The renegade trading platform, Robinhood, which was central to the GameStop shares frenzy earlier this year, faces a US$35mn fine from New York financial regulators.

The company’s crypto division was issued with a wrist slap in 2020, following the red flagging of several “matters requiring attention”. Robinhood revealed it had reached a settlement with the New York State Department of Financial Services regarding the issues, which related to “alleged violations” of cybersecurity and anti-money laundering rules.

Robinhood valuation

The news follows on from the announcement earlier this week that the trading platform favoured by armchair investors, which almost broke Wall Street earlier this year, has an expected valuation of $35bn following its IPO.
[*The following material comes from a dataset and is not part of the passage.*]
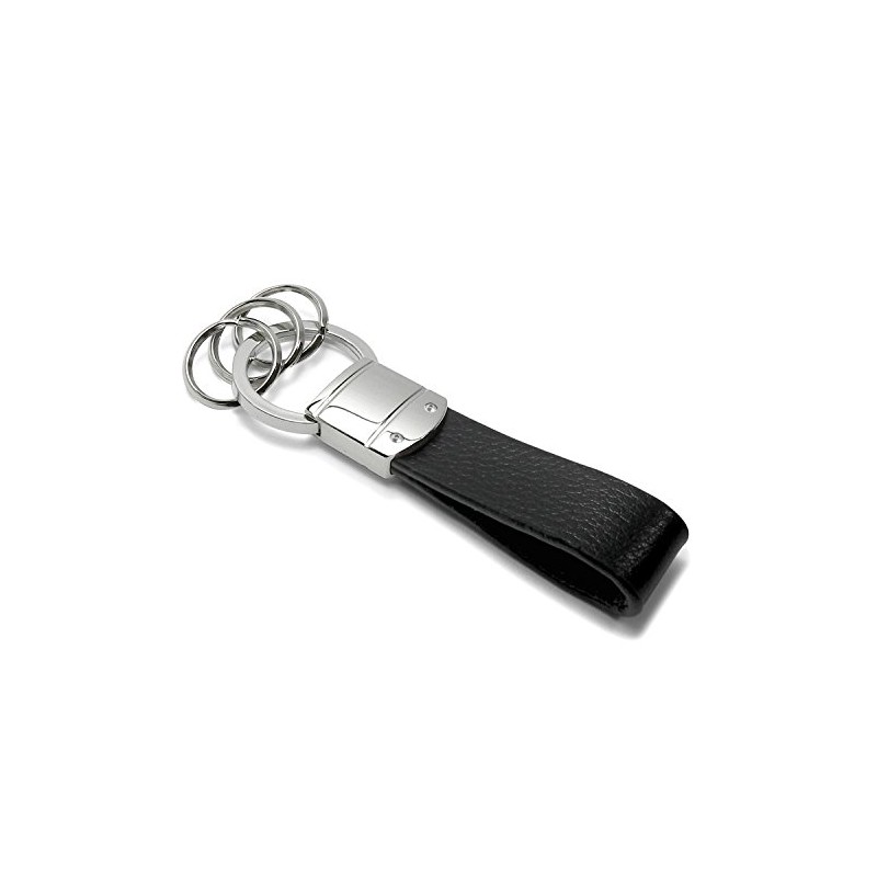 iPick Image Compatible with Infiniti Q70 Black Real Leather Strap Chrome Round Hook Metal Key Chain
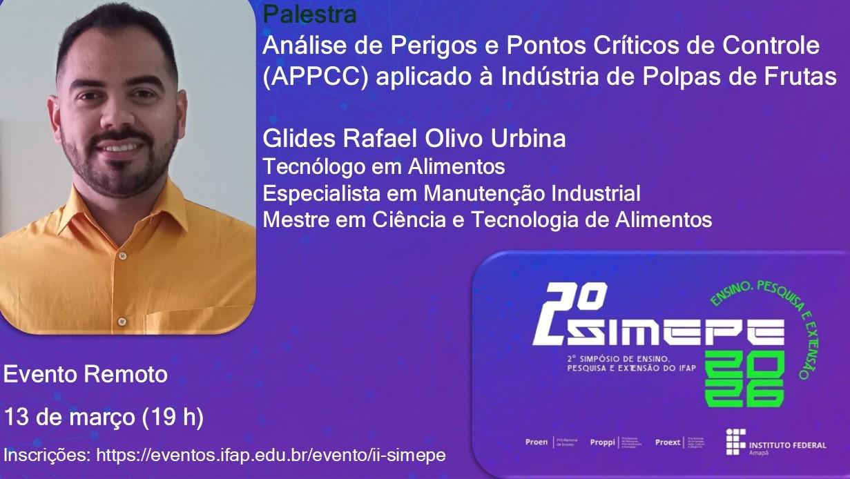 Palestra: Aplicação do Sistema APPCC na Indústria de Polpas de Frutas, com o aluno do programa Glides Rafael.

Critics of the platform say Robinhood encourages “risky behaviour” among inexperienced (armchair) investors. The app has also been criticised for not informing customers that much of its profits are generated by routing their trades to Wall Street firms taking the other side, or so-called "payment for order flow."
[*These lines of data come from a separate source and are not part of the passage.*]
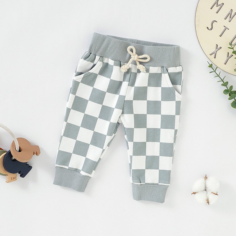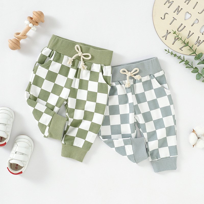 Kids Baby Boys Girls Fashion Casual Playd Print Trousers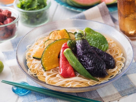 そうめんの魅力は、アレンジがしやすく冷蔵庫のありもので簡単に1食が完成すること。ツナ缶やトマト、ハムや温泉卵などを加えることで、栄養バランスも整い、子どもも飽きずに食べられます。
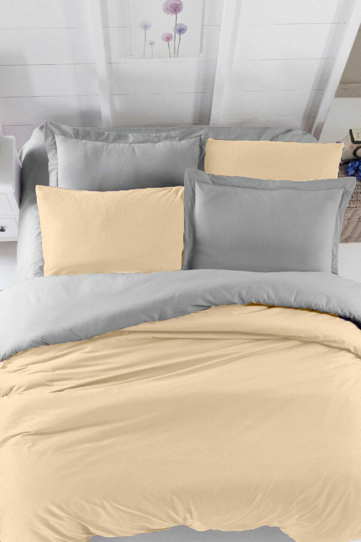 Çift Kişilik Lastikli Çarşaflı Nevresim Takımı Pamuklu Four Season Pudra Gri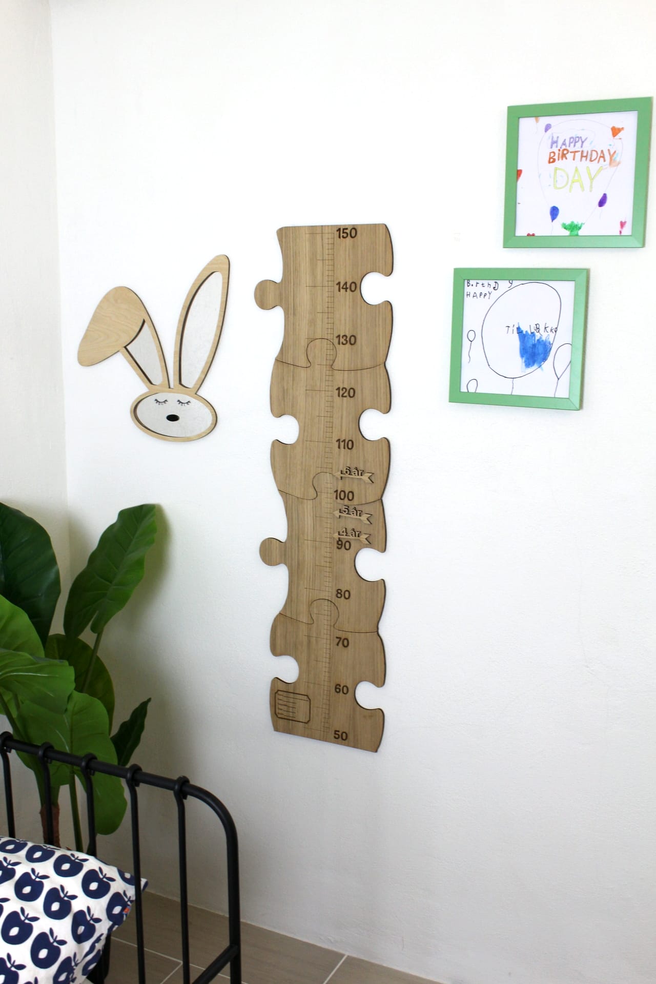 Højdemåleren kan følge barnets udvikling i mange år, og når tiden kommer til at pakke den væk, kan den pakkes ned i en lille papkasse som et minde om en dejlig tid.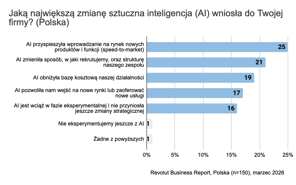 Co trzecia polska firma odczuła też zmiany w sposobie rekrutacji i strukturze zespołu (21 proc.). Zaledwie 1 proc. przyznaje, że w ogóle nie eksperymentuje z AI. Dla porównania - w całej Europie 22 proc. zarządów twierdzi, że jest zbyt wcześnie na ocenę efektów AI. Polskie firmy są tu wyraźnie do przodu.

Robinhood said last month they expected the DFS fine to be at the $15mn mark, adding it would be “the bottom of the range for our probable loss in this matter”. The $35mn penalty is on top of the record $70mn Robinhood incurred from US financial regulator FINRA in June, for “lax vetting and outages.”

However, the settlement indicates the company’s IPO will go ahead as planned, despite initial concerns the investigation could see the float delayed until later this year.

Robinhood floats imminent

Despite the regulatory hiccups, Robinhood priced its IPO between US$38-US$42 per share, giving the platform the US$35bn valuation and analysts predict the firm’s debut on the Nasdaq could occur as early as next week.

Reports suggest that 55 million shares will be offered. Robinhood founders, Baiju Bhatt and Vlad Tenev are also set to sell 2.63 million shares.

Robinhood democratising investment

Launched in 2013 by Tenev and Bhatt, who were Stanford University roommates, Robinhood’s founders will retain most of the voting rights after the IPO. Bhatt reportedly holds 39% of the voting power of outstanding stock, while Tenev holds 26.2%.

The online brokerage, which came under fire for its handling of the GameStop trading debacle, which saw the platform limit stocks to investors, states its mission is to “democratise” investing and is one of the most highly anticipated IPOs of the year.

Robinhood was valued at $11.7bn in autumn 2020 following a private equity funding drive. The new valuation will mean represent a three-fold increase in the company’s market value in less than 12 months.